The chiefs of these institutions need to be brought under the scanner just as Madoff has been. Additionally, all those highflying executives who raked in not just handsome fees from clients, but also bonuses from their organizations, must share the responsibility. In their defense many of them say that they were merely carrying out orders. But so did all the Nazi guards who simply acted on command to save their own lives.

If these words seem a little harsh (after all we are talking about the loss of money and not of lives) it is time we looked at the human cost of these events. For millions of families this situation has had a very tangible effect- one that will live with them forever. Surely the conviction of one Madoff will never be enough to prevent this from happening again. So let us not congratulate ourselves on bringing to justice Madoff while the big criminals roam free.

Monday, June 29, 2009

State Bank of India- an unlikely mirror of Indian history

Most of us have dealt with this icon of Public Sector banking at some point or the other in our lives. Many of us happily and many grudgingly (yours truly belonging to the latter category). But despite its infamous babugiri , SBI is a surprising saga of Indian history.

It has, for example, as its subsidiaries Bank Of Hyderabad, Bank of Patiala and State Bank of Bikaner and Jaipur, all established at various times by the then Rajas of the Princely states to mange their finances. The Hyderabad subsidiary even managed the Osmania Sicca- the state currency of Hyderabad. At the time when the various Princes still ruled their roosts, these subsidiaries must have given them a sense of control, but now as the SBI looks to merge them into the parent company it is an indication of the maturity of the banking system of the country and how the country is leaving its past behind.

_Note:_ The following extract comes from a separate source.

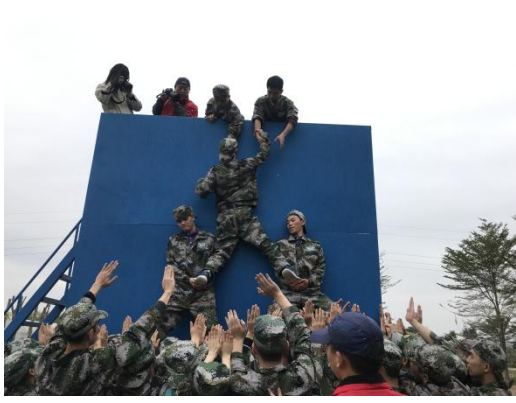
大学生户外拓展训练

A look at what happened to PSU Banks and especially SBI during the past year also holds a mirror to our financial system and the Indian mentality. During the recent economic crisis the top IT companies of the country chose PSU banks over private sector banks to deposit over Rs.20, 000 Crore. While ICICI and HDFC Banks were reeling under the shock of steep rise in cash withdrawals, almost all PSU Banks saw a record jump in new accounts and deposits. So much so that led by the SBI, PSU Banks were the first to cut loan rates.

And this is what we Indians really are- we may talk of liberalization, efficiency of the private sector banks, the new approach to buying everything on credit- but when push comes to shove, we will trust the good old SBI and PSU banks. Why? Because we know the conservative Indian Government governs them, and we will put money in fixed deposits rather than risk them in the stock market. SBI was built by and for the Indian way of dealing with money.

As SBI moves forward with its consolidation and modernization efforts, it stands as an example of modern India- one that is learning to accept that competition today demands agility but at the same time understands that at a basic level nothing much has changed. An average Indian even today is still far more concerned with saving for tomorrow than spending today.